Video displays are a 60" Sony Grand Vega III and a Panasonic AE700 front projector.

Audio stuff: B&K Ref 50 preamp with Rotel 1095 5x200 watts per channel amp and Rotel 991 2x200 watts per channel amp. Atlantic Technology 8200 speakers in a 7.1 configuration with center channel and 6 LRs for fronts, side and rear surrounds. Velodyne HGS-15 subwoofer with SMS-1 subwoofer equalizer and M&K V125 Sub (for rear of room) wired inline with rear surrounds.

Signal sources. Brighthouse Motorola 6412 phase 3 DVR, Voom (may it rest in peace) satellite/ansi receiver, Denon 5900 DVD player (SDI modified), Iscan HD + video processor, Panasonic PVR/DVD burner.

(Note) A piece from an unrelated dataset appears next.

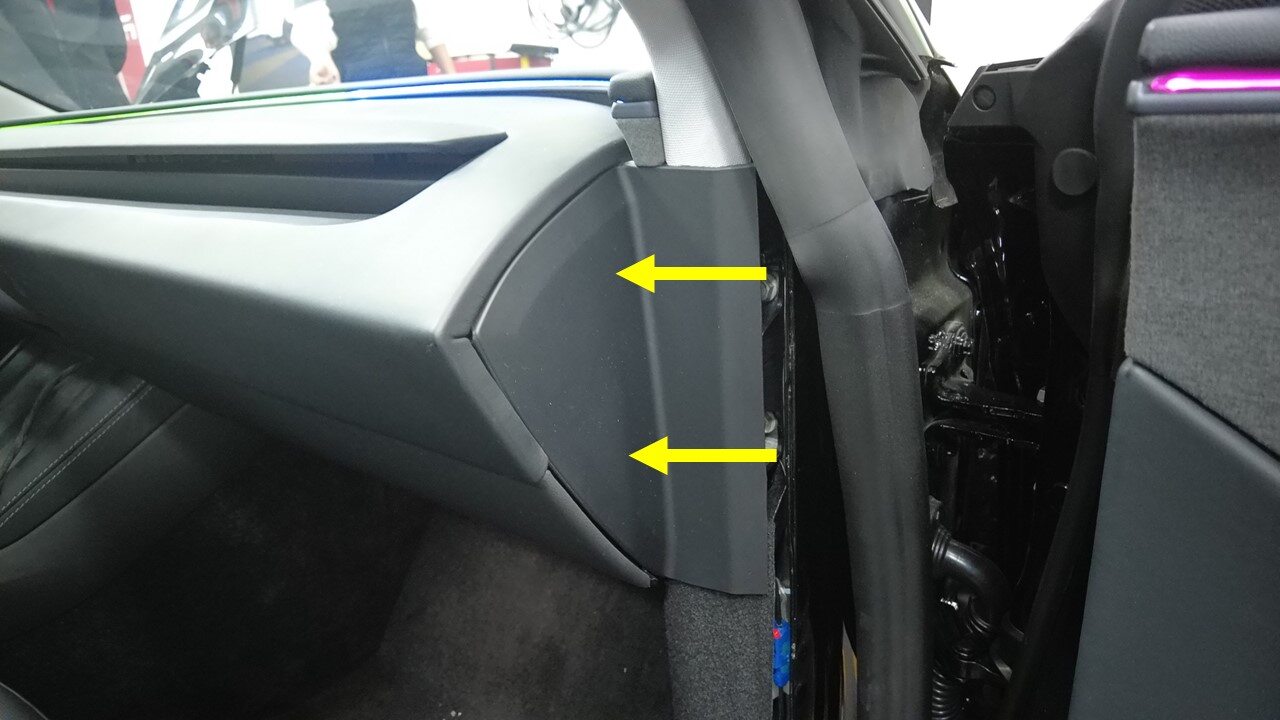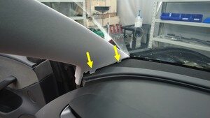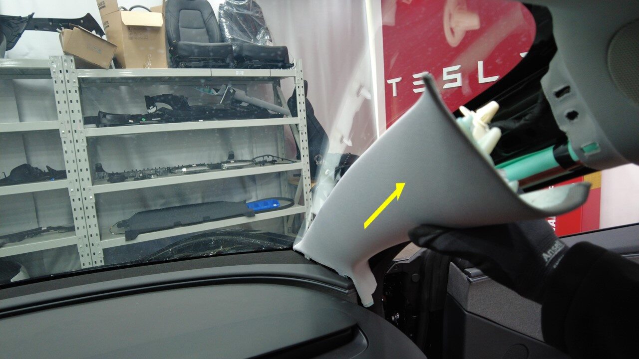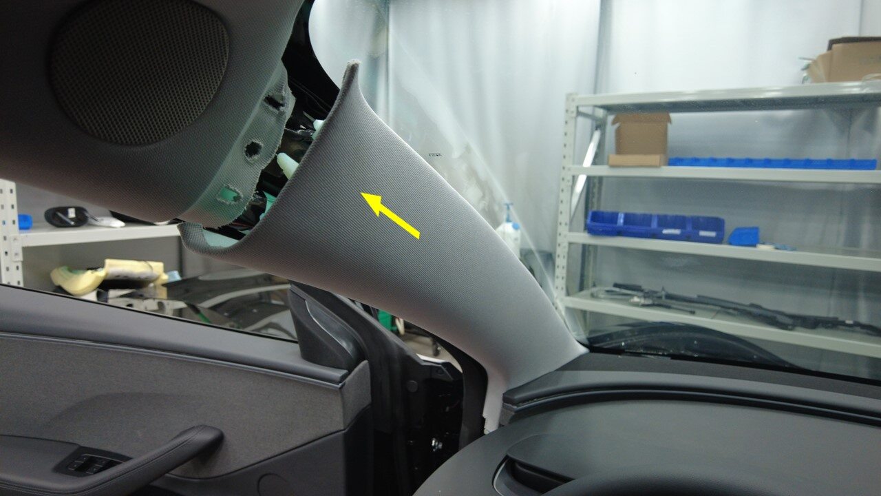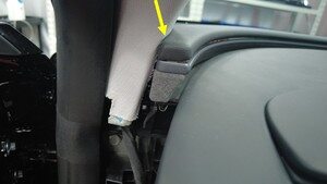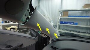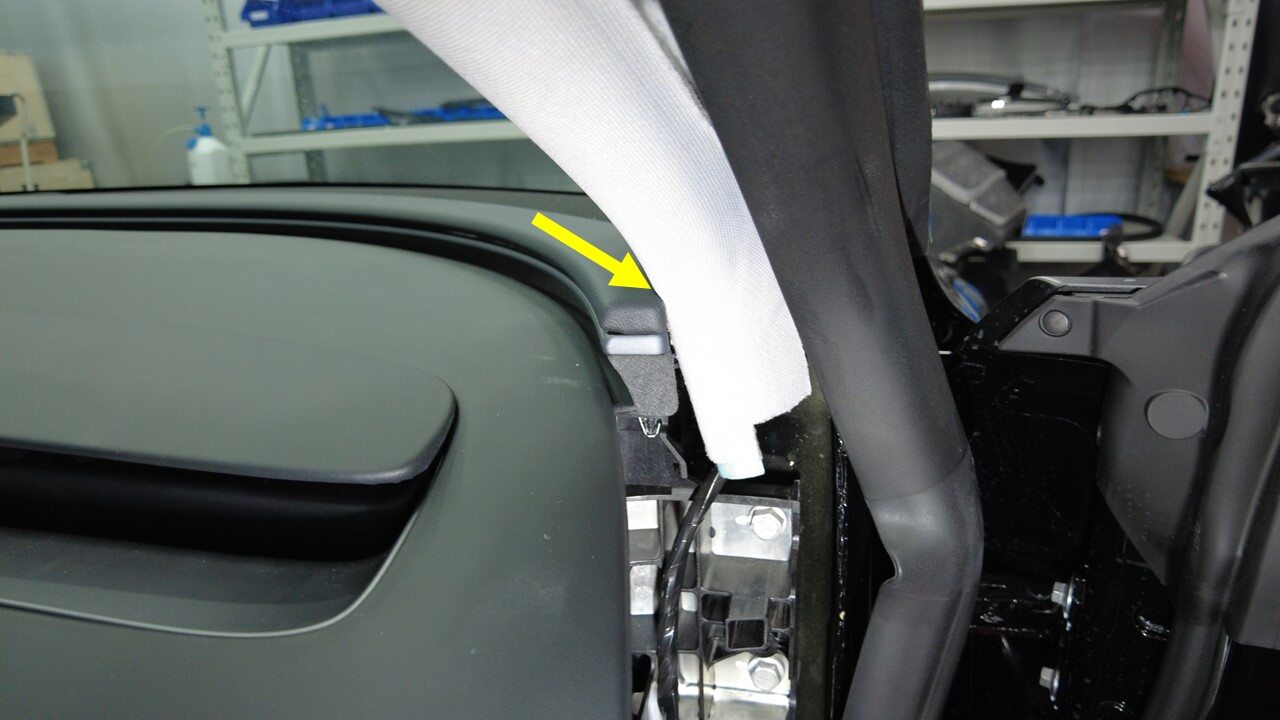 注6x clips, 1x tether, 2x guide tabs, 1x alignment pin, Pull inside of the upper portion of upper A-pillar, Depress 2x tabs to remove tether from body side, Then pull upper A-pillar upward to remove

Panamax power conditioner.

Accupel HD signal generator.

....and a firm belief that calibration does matter. :T


----------



## Sonnie (Apr 11, 2006)

After seeing and hearing... I'm a believer... nice system Jim!


----------



## Phil M (Apr 19, 2006)

Jim, I bought my projector from a dealer that did a special calibration deal last year, and they came back with the view that the AE700 (when calibrated) gave one of the best projected images available without spending significantly more money :sn: 
The company is Nine3Media, based in Minnesota - can't seem to find them anymore, maybe they've closed, but great people to deal with.


----------



## JimP (May 18, 2006)

Phil,

For the price point and picture quality, the AE700 is tough to beat.


----------